Items from a dataset
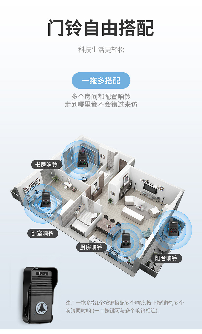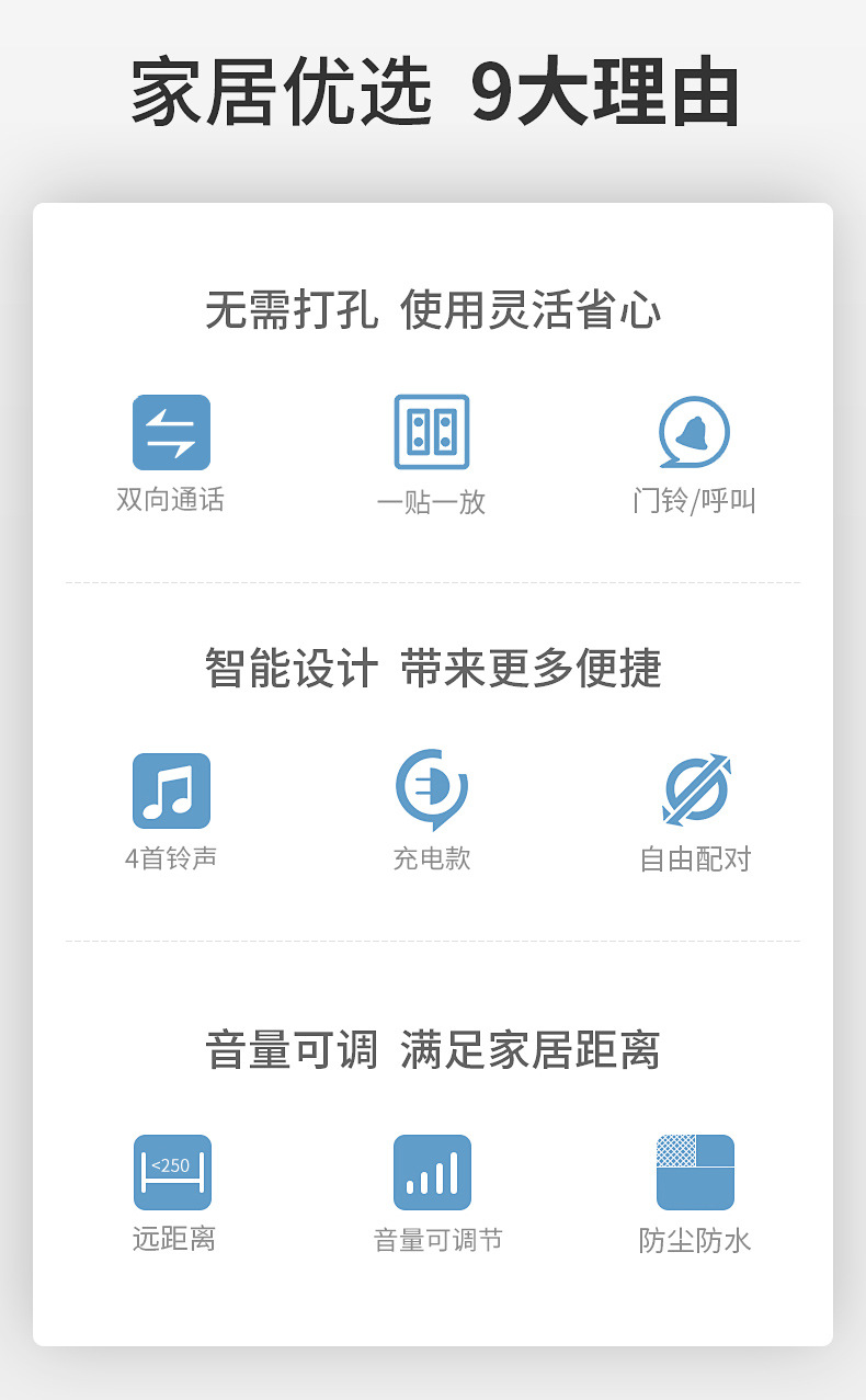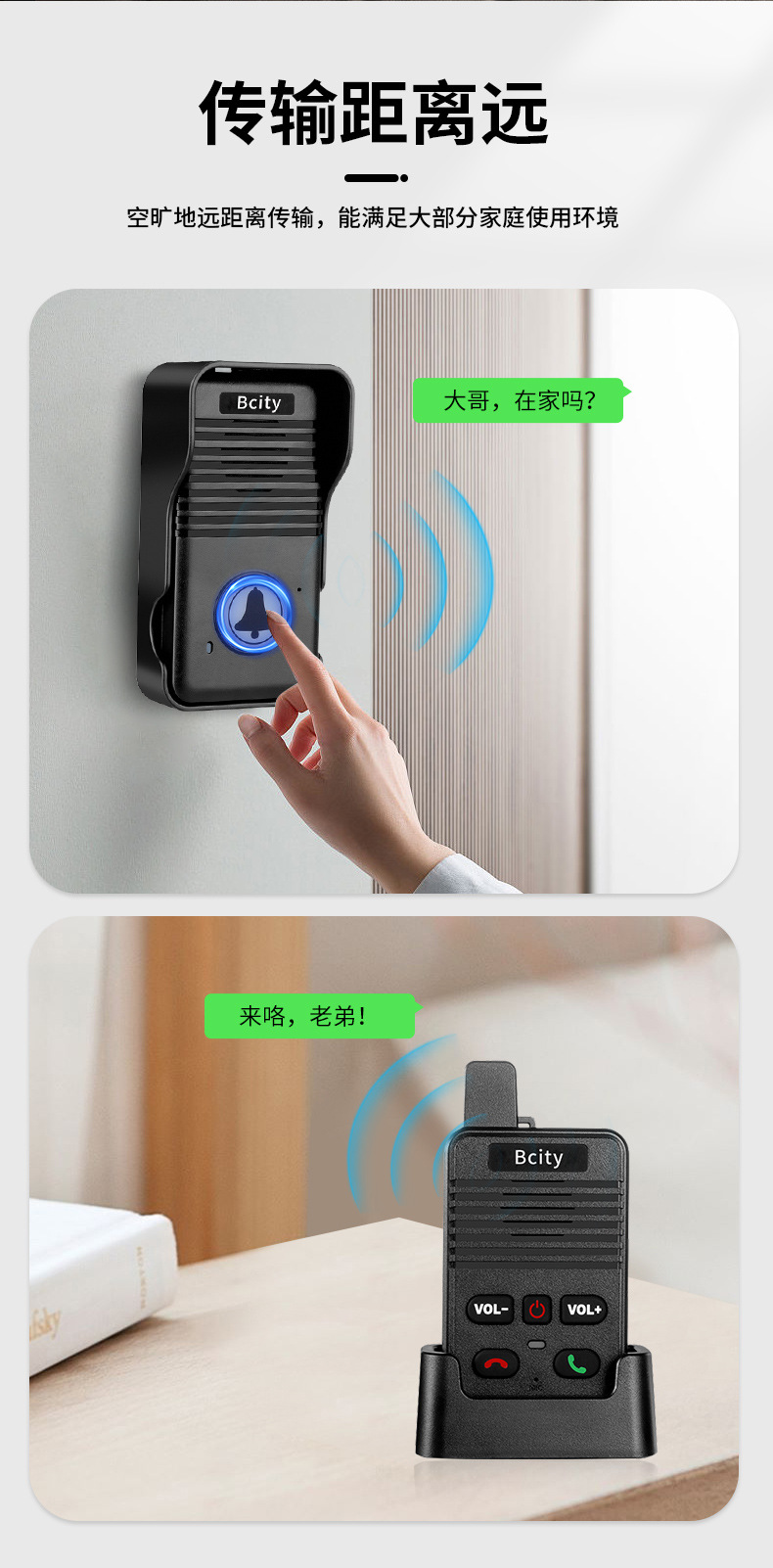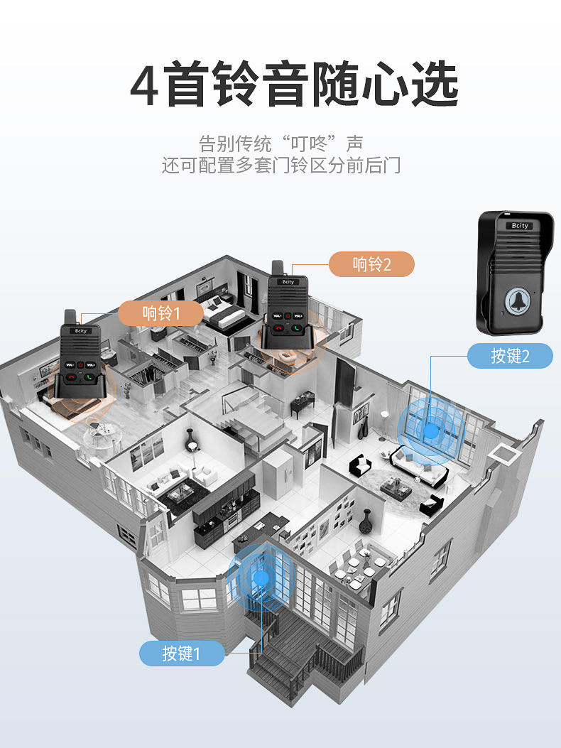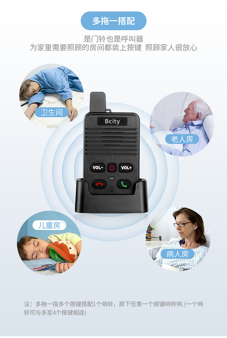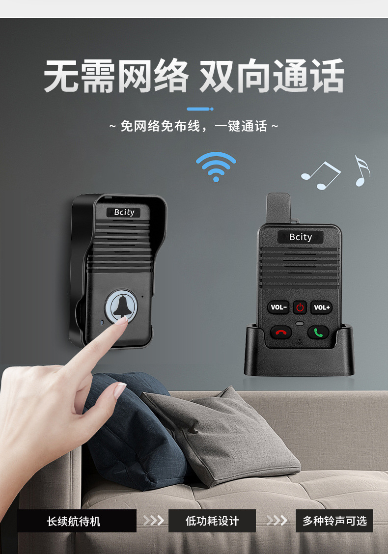 无线语音对讲门铃家用超远距离双向通话对讲机茶楼医院老人呼叫器
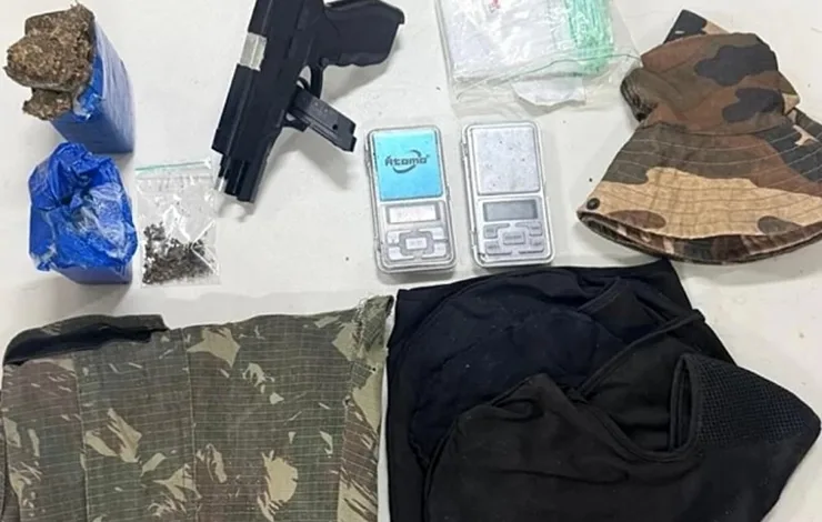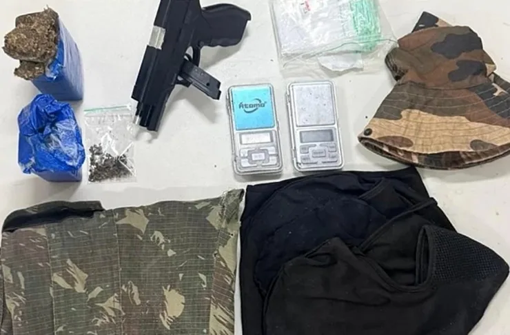 Após varredura no perímetro, os policiais localizaram a mochila, que continha dois tabletes de maconha, duas balanças de precisão, materiais comumente utilizados para a comercialização de entorpecentes e uma réplica de arma de fogo.
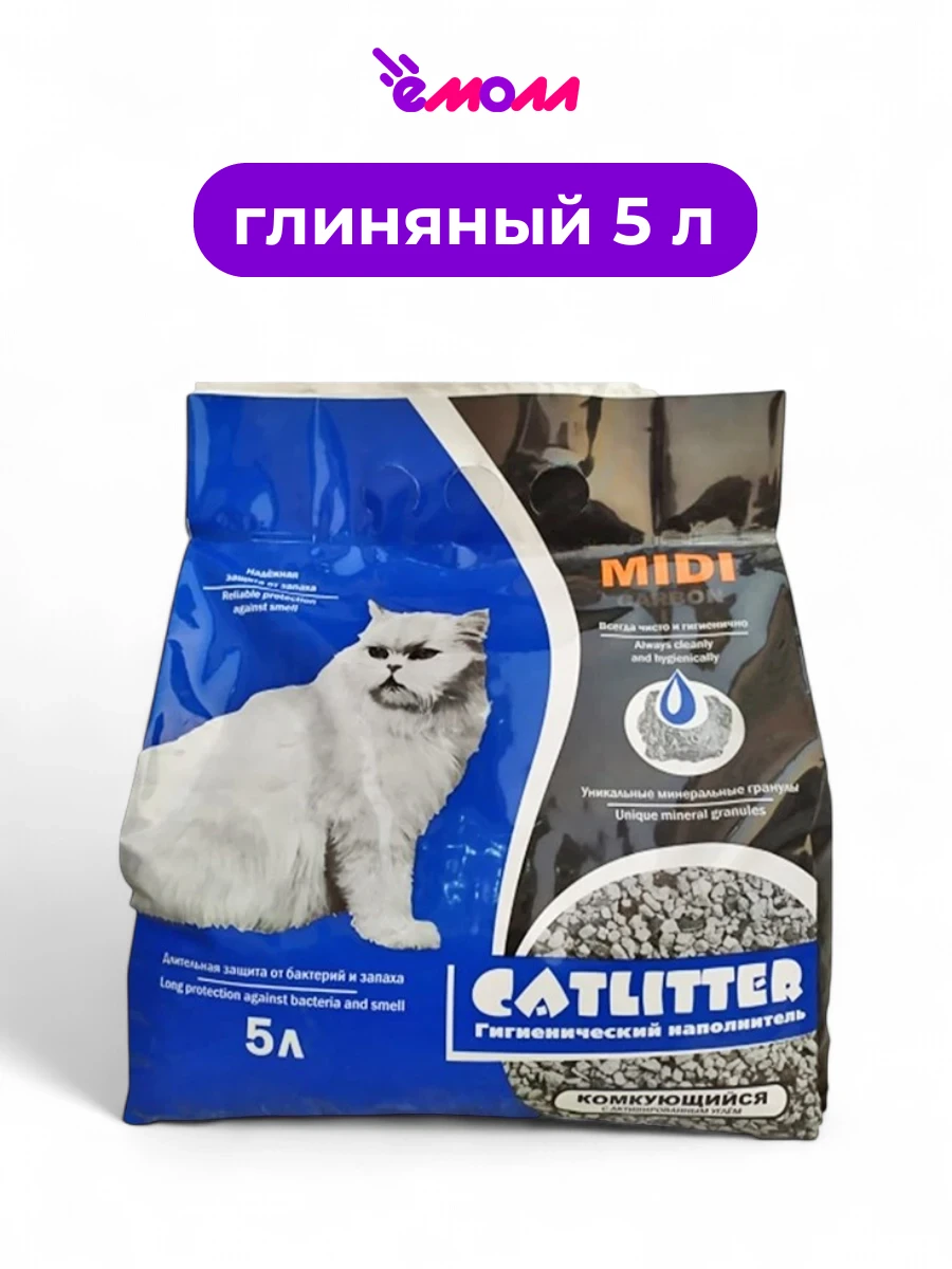Catlitter наполнитель для кошачьего туалета комкующийся Carbon MIDI 5 л
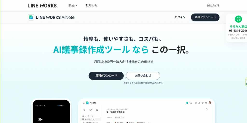 ③LINE WORKS AiNote – オフライン会議ならこれ
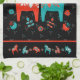 This kitchen towel has a Swedish folk dala horse design with matching folk art flowers in Sweden's flag colours of teal and red on black background. At the top and bottom are a row of matching smaller dala animals and flowers. You can make the background pattern on this kitchen towel smaller or larger.
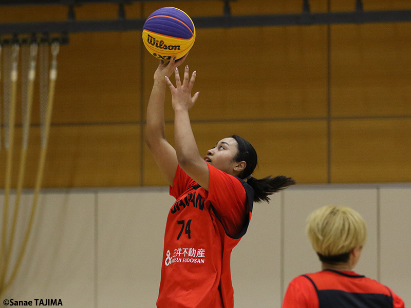 3月末にWリーグのプレーオフセミファイナルが控えている田中は、半年ぶりの3人制に、「合宿直前まで(トヨタ自動車で)5人制の練習をしていたので、体がちょっと違うというか、5人制で戦っている体になっているので、3人制だとまだ違和感を感じるところはあります」と、感想を語る。
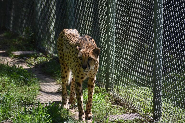 画像説明:【檻と重税と生活苦=現代日本】飼育員と檻の中の環境に不満がありそうなチーターさんの図
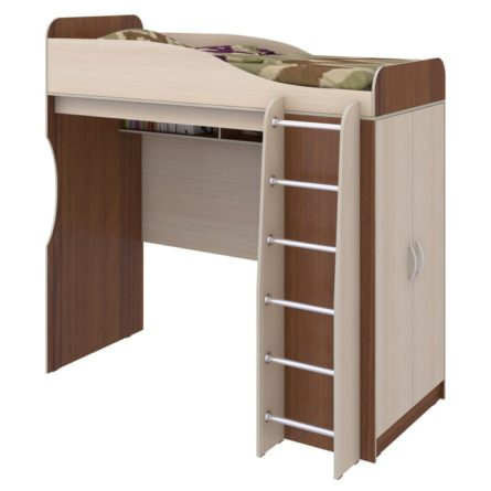 Кроме комфортного спального места конструкция включат в себя безопасную лестницу для подъема на второй ярус, удобный шкаф для одежды и длинную подвесную полку открытого типа, на которой можно хранить книги. У данной модели имеется специальная ниша для письменного стола, который вы сможете по желанию установить.

* BRIEF: In the records above, find the line with "Após varredura no" and the line with "This kitchen towel has"; please transcribe exactly those two lines and all lines between them, omitting any picture.

* RESPONSE TO THIS TASK:
 Após varredura no perímetro, os policiais localizaram a mochila, que continha dois tabletes de maconha, duas balanças de precisão, materiais comumente utilizados para a comercialização de entorpecentes e uma réplica de arma de fogo.
Catlitter наполнитель для кошачьего туалета комкующийся Carbon MIDI 5 л
 ③LINE WORKS AiNote – オフライン会議ならこれ
 This kitchen towel has a Swedish folk dala horse design with matching folk art flowers in Sweden's flag colours of teal and red on black background. At the top and bottom are a row of matching smaller dala animals and flowers. You can make the background pattern on this kitchen towel smaller or larger.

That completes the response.